Mars rover Curiosity now has its own built-in curiosity.
NASA recently installed a new AI system called AEGIS to autonomously choose targets for its laser detection system.
The AEGIS algorithm analyzes images taken by the rover’s navigation camera (Navcam). AEGIS can select a target rock and pinpoint it with the rover’s laser system, ChemCam, before scientists on Earth have time to look at the images. ChemCam then determines what kinds of atoms the rock contains. The new autonomy is especially useful when Curiosity is in the middle of a long drive, or when there are delays in sharing information with scientists on Earth.
It’s not like the AI is coming for scientists’ jobs—most of the targets are still chosen by scientists without the aid of the AI. But Curiosity gets to exercise its decision-making software “a couple times per week,” says NASA Jet Propulsion Laboratory’s Tara Estlin, the AEGIS software lead.
A lot of what NASA does on Mars is study rocks, so AEGIS is a rock detector. It uses computer vision to comb through a digital image, looking for edges of objects. When it finds an object with edges that go all the way around, it defines that as a rock. Then, for each rock, it analyzes the image to determine the rock’s properties, such as its size, shape, brightness, and how far away it is from the rover.
Scientists back on Earth set the criteria for which rock properties are interesting, depending on the terrain around Curiosity. “Maybe it’s larger, light-colored rocks; maybe it’s rounder, dark-colored rocks,” says Estlin. Currently, Curiosity is in an area with a lot of bedrock, or outcrops, which on Mars means flat rocks embedded in the surface, so the rover looks for those right now. AEGIS then ranks the rocks from most interesting to least and points the laser at the most interesting.
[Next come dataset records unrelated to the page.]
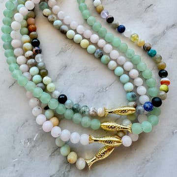 Ashia believes that each new day is a chance to be reborn. To be a better version of herself, to try new things, to make a difference in the world. Hand beaded matte gemstone necklace with gold fish detail. -Natural, unpolished gemstones in your choice of Aventurine, Rose Quartz, Amazonite, Mixed Gemstone, Lapis and Turquoise -All gold filled findings -Water safe -Total length 17"
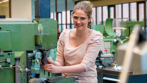 Welding, turning, soldering: Carolin Harms is an apprentice precision mechanic. The 21-year-old feels at home in the workshop - where she can do practical work.
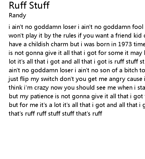 i ain't no goddamn loser i ain't no goddamn fool i ain't no pushover baby i won't play it by the rules if you want a friend kid don't you look at me i may have a childish charm but i was born in 1973 time may be eternal but my patience is not gonna give it all that i got for some it may be nothing but for me it's a lot it's all that i got and all that i got is ruff stuff stuff that's ruff i ain't no goddamn loser i ain't no son of a bitch to find out what i got honey just flip my switch don't you get me angry cause i'm like water on oil if you think i'm crazy now you should see me when i start to boil time may be eternal but my patience is not gonna give it all that i got for some it may be nothing but for me it's a lot it's all that i got and all that i got is ruff stuff stuff that's ruff ruff stuff stuff that's ruff |
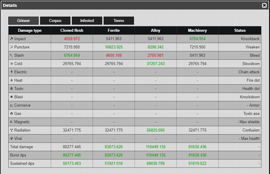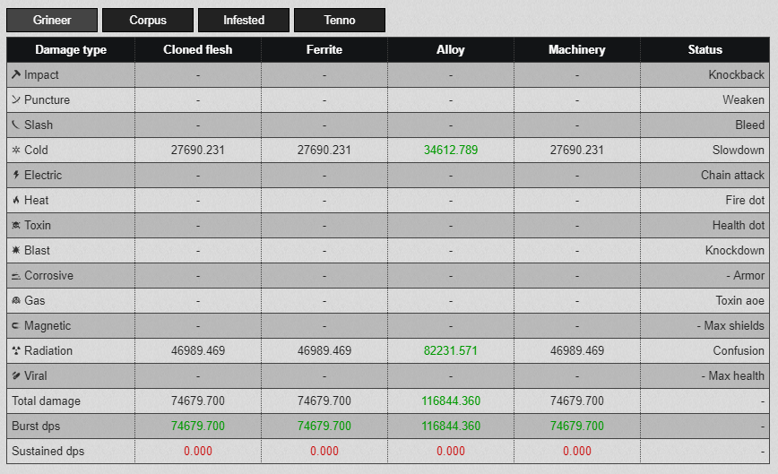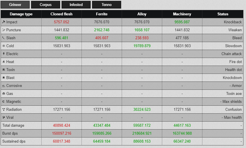 とりあえず作成してフォーマ6つぶっこんでRivenもクリマルチ出たから使ってる。これもRiven次第なんだけど衝撃切断MOD入れたら切断dotがDREAD越えのダメージは出るんだがチャージレート1秒は速度MOD入れないと少し使いづらかった。見た目がいいからしばらく使うことにするよ、ありがとう。
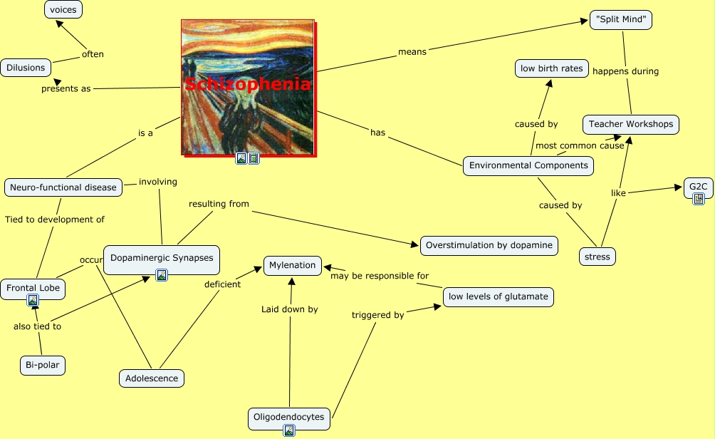 This Concept Map, created with IHMC CmapTools, has information related to: G2CSchizophreniaBallog, Adolescence deficient Mylenation, Dopaminergic Synapses resulting from Overstimulation by dopamine, low levels of glutamate may be responsible for Mylenation, Environmental Components caused by low birth rates, Environmental Components most common cause Teacher Workshops, Schizophenia presents as Dilusions, Dilusions often voices, Neuro-functional disease Tied to development of Frontal Lobe, Environmental Components caused by stress, Schizophenia means "Split Mind", Frontal Lobe occurs Adolescence, stress like G2C, Oligodendocytes Laid down by Mylenation, Oligodendocytes triggered by low levels of glutamate, Schizophenia is a Neuro-functional disease, stress like Teacher Workshops, Bi-polar also tied to Frontal Lobe, Neuro-functional disease involving Dopaminergic Synapses, Bi-polar also tied to Dopaminergic Synapses, "Split Mind" happens during Teacher Workshops
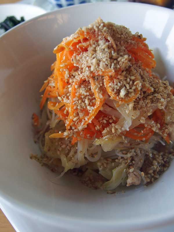 この時は、冷蔵保存してあった炒めビーフン(新竹ビーフン・干し椎茸・大豆ミート・玉ねぎ・キャベツ・もやし)をレンジで温め、上に人参の塩炒りと白胡麻をのせました。

Before Curiosity, AEGIS first went up on Opportunity in 2010, but NASA had been developing the software for roughly 10 years before that, says Estlin, who got involved around 2002. “We first tested it on images on the ground,” she says. “We have some research rivers here that are built to test early software.”
The hardest part of adapting AEGIS, Estlin says, was making sure they could integrate it with Curiosity’s system, which is much more complicated than Opportunity’s, without interfering with anything else. For example, ChemCam has some important safeguards that keep it from pointing its laser at the rover itself (which would damage it) or at the Sun (which would damage the optical system ChemCam uses to identify atoms).
In the future, AEGIS will probably have further tricks up its sleeve. “We have another approach that we’ve tested on the ground that instead of looking for edges, it looks for statistical patterns of pixels,” says Estlin. “This lets you find a much larger variety of targets” such as ledges, or layering in bedrock. Layering is especially interesting because it tells us about the history of the planet.